Trump Admin Hides Behind Coronavirus Crisis

“Indisputably, due to historic inequities, this crisis disproportionally burdens Americans of Color and Women. They need continued Federal protections and oversight, not abandonment. The suspension of Equal Opportunity requirements in this crisis would not only penalize those protected by the civil rights laws, but it would also hinder the government’s work. The research is clear and compelling – diverse workforces produce better results. This Government policy should be reversed at once.” – National Bar Association President Alfreda Robinson

The Trump era has seen a relentless erosion of civil rights protections. The Administration pivoted from defending voting rights to enabling suppression. It shifted resources from investigating discrimination and violence against racial minorities toward the protection of white Americans.

Every step of the way, the Administration has made it easier to discriminate, and more difficult to seek relief from discrimination.

In the earliest months of his Administration, President Trump proposed eliminating the Office of Federal Contract Compliance Programs, the section of the U.S. Department of Labor that is charged with ensuring that employers doing business with the Federal government comply with the nondiscrimination laws and regulations.

In August 2018, the Trump administration rescinded guidance that the Department of Labor had used to analyze whether federal contractor compensation practices comply with federal laws and regulations.

Now, in an act of breathtakingly bad faith, the federal compliance office has issued an order suspending equal opportunity requirements during the coronavirus crisis. Companies who contract with the federal government are now free to discriminate on the basis of race, color, sex, sexual orientation, gender identity, religion, national origin, disability, or veteran status.

Falling as it did during a period of unprecedented chaos as the Administration struggled to respond to the crisis, the order has received almost no attention.

This underhanded move serves absolutely no legitimate purpose and must be reversed at once.

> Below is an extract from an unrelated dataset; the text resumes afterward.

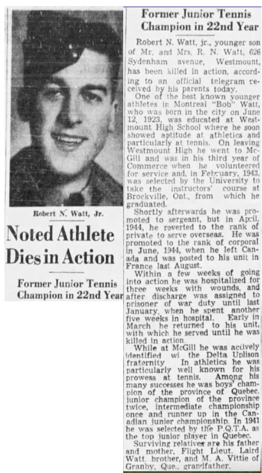 Son of Robert Noble Watt and Marguerita Veitch Watt, of Westmount, Province of Quebec.

More than six million Americans this week applied for unemployment compensation, bringing the two-week total to a staggering 10 million. The Labor Department’s monthly jobs report for March is expected to show a net job loss for the first time in 9½ years. Economists predict the total of job losses to be double those lost in the Great Recession, but over a much shorter period of time.

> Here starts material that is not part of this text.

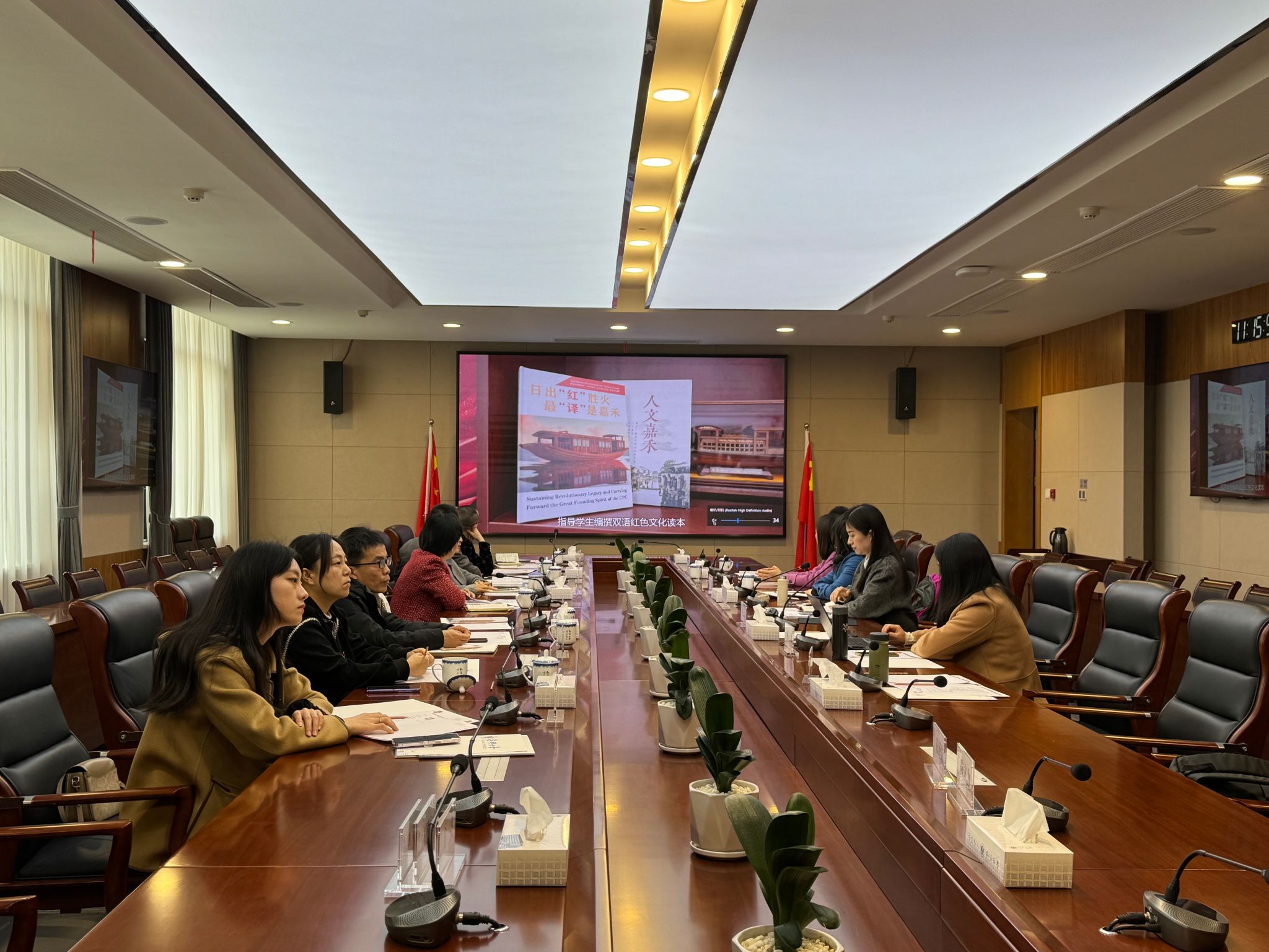 座谈会后景德镇陶瓷大学私房tv 与我院开展党建交流,院党委书记周钰介绍了私房tv 党建基本情况、党建与思想政治工作经验以及学院以“红船精神育人”理念为指引,打造“红色文化外译”党建品牌,创建全国党建样板支部和全省党建标杆院系的做法。第二党支部书记侯飞从支部简介、样板支部的预期建设成果、主要举措等方面介绍了申报第三批“全国党建工作样板支部”的经验与体会,并以视频的方式展现了第二党支部作为全国党建工作样板支部所开展的活动和取得的工作进展。

This is a time for the federal government to exert more protection for workers of color, not less.

Even before the Great Recession, Black Americans lagged white Americans economically. The average Black household income in 2007 was about two-thirds the average white household’s. The Black unemployment rate was – and remains – twice as high as the rate for whites.

The economic crisis wiped out all the gains in Black homeownership made since the Fair Housing Act of 1968, dramatically widening the nation’s racial wealth gap.

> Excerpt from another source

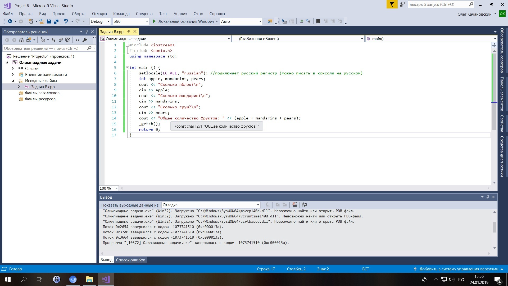cout << "Общее количество фруктов: " << (apple + mandarins + pears);

The impacts will be felt for a generation. An ACLU report analyzing the effects of the 2008 financial crisis Great Recession concluded:

If economic trends had continued without the shock of the Great Recession, the ratio of white to black median wealth would have been forecast to drop from 4.4 times greater in 1999 to 4.0 times greater by 2031. But given the impact on black family wealth of the financial crisis, by 2031 the racial wealth gap will instead grow: the typical white household’s wealth is projected to be 4.5 times that of the typical black household’s wealth. This increased disparity will be even more profound from the perspective of home equity wealth.

Without the Great Recession, home equity values for black and white families at the same income and education levels were headed toward parity by 2050. As a result of the Great Recession, however, the gap between black and white home equity will likely remain large decades into the future.

It’s important to keep in mind that the disproportionate impact of the Great Recession unfolded under an Administration that was committed to upholding the federal government’s traditional duty to protect American workers from racial discrimination. In an economic crisis of even greater magnitude, under an Administration that has abandoned that duty, the impact will be far worse.

As Congress ponders a phase-four response to the coronavirus crisis, protections for vulnerable workers of color must be a top priority. House and Senate leaders need to press the Administration to fulfill its constitutional duty and restore equal opportunity requirements for federal contractors.

Marc Morial is President and CEO of the National Urban League.